5 Signs You Might Be Lacking Protein in Your Body

For years, protein was seen as a nutrient reserved for athletes and gym enthusiasts. However, today it holds a central place in health and wellness discussions thanks to its key role in tissue repair, metabolism, satiety, and disease prevention.

Despite its importance, doubts and myths still surround how much to consume, how to do it, and what signs might indicate insufficient intake. Experts agree: understanding its function and adjusting intake to each individual is essential for a healthy life.

Why is protein essential for the body?

Protein is an essential macronutrient that the body cannot fully produce, as it requires certain amino acids that can only be obtained through diet. According to the Harvard T.H. Chan School of Public Health, it acts as a building block for muscles, bones, skin, hair, and organs.

Additionally, it:

  • Plays a role in the formation of enzymes and hormones.
  • Regulates metabolism.
  • Strengthens the immune system.

 

Dr. Marianela Aguirre Ackermann, a specialist in Internal Medicine and Nutrition, explains that protein is unique because its supply largely depends on diet, unlike other compounds the body can synthesize.

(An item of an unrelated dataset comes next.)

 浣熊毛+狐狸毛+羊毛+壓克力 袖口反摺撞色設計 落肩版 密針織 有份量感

Signs you may not be getting enough protein

A protein deficiency can be detected by paying attention to certain signs:

  • Frequent hunger: even shortly after eating, due to lack of lasting satiety.
  • Poor wound healing: cuts and scrapes take longer than normal to heal.
  • Difficulty gaining muscle: even with consistent training.
  • Hair loss: linked to insufficient follicle renewal.

  • Brittle nails: caused by low keratin levels.

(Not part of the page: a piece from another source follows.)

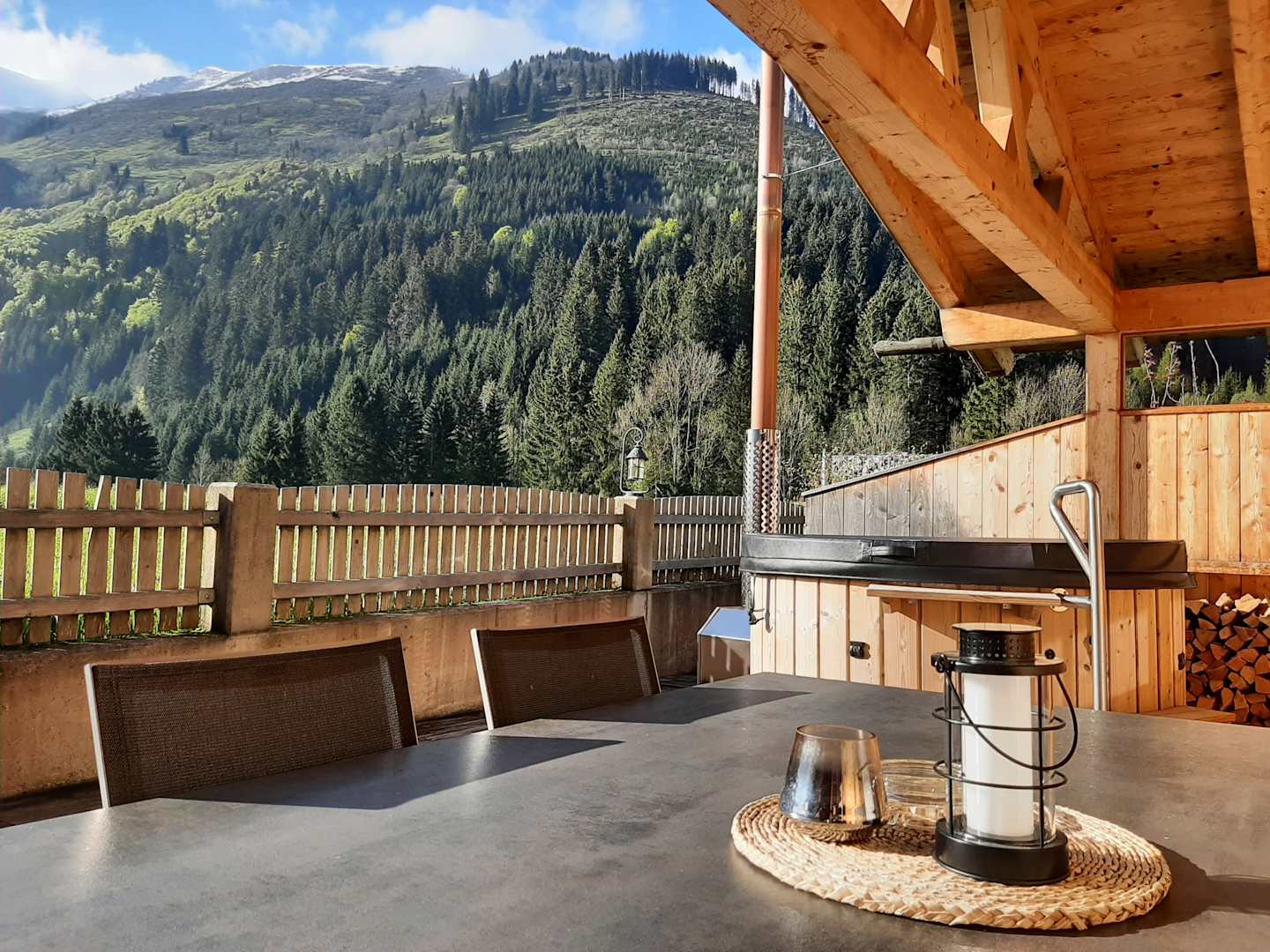 Riesige Terrasse mit dem Hot Tube und dem wunderschönen Ausblick

Common myths about protein

The rise in protein consumption has given way to false beliefs:

  1. “More protein means more muscle”: without strength training and rest, there’s no significant muscle gain.
  2. “Only athletes need it”: everyone needs protein daily.
  3. “It makes you gain weight”: no direct evidence; moderate consumption helps control appetite.
  4. “You can only meet your needs with supplements”: recommended amounts can be met with foods like eggs, meat, dairy, or legumes.
  5. “The more, the better”: the body only uses what it needs.

How much protein to consume according to your profile

General recommendations suggest 0.8 g per kg of body weight for adults with low to moderate physical activity. For example, a 70 kg person would need between 56 and 70 g per day.

  • Older adults: 1.2 g/kg to prevent muscle loss.
  • Active individuals or those doing strength training: between 1.2 and 2 g/kg.
  • Special stages: pregnancy, breastfeeding, childhood, and adolescence increase requirements.

It’s not just about quantity: spreading protein throughout the day (20–40 g per meal) improves its absorption.

Sources of protein: animal and plant-based

  • Animal: eggs, meat, fish, dairy, seafood.
  • Plant: legumes, whole grains, nuts, seeds, soy products.

A varied diet that combines plant sources can fully meet essential amino acid needs.

Practical tips to increase protein in your diet

  • Add Greek yogurt or cottage cheese to breakfast.
  • Include eggs or tofu in main meals.
  • Combine legumes with whole grains.
  • Use nuts or seeds as snacks.
  • Distribute protein portions evenly across all meals.

In summary

Protein is no longer exclusive to the sports world. It’s a vital nutrient for proper body function, and its benefits are reflected both in internal health and physical appearance. Beyond trends, what truly matters is consuming the right amount and quality, adapted to each stage and lifestyle.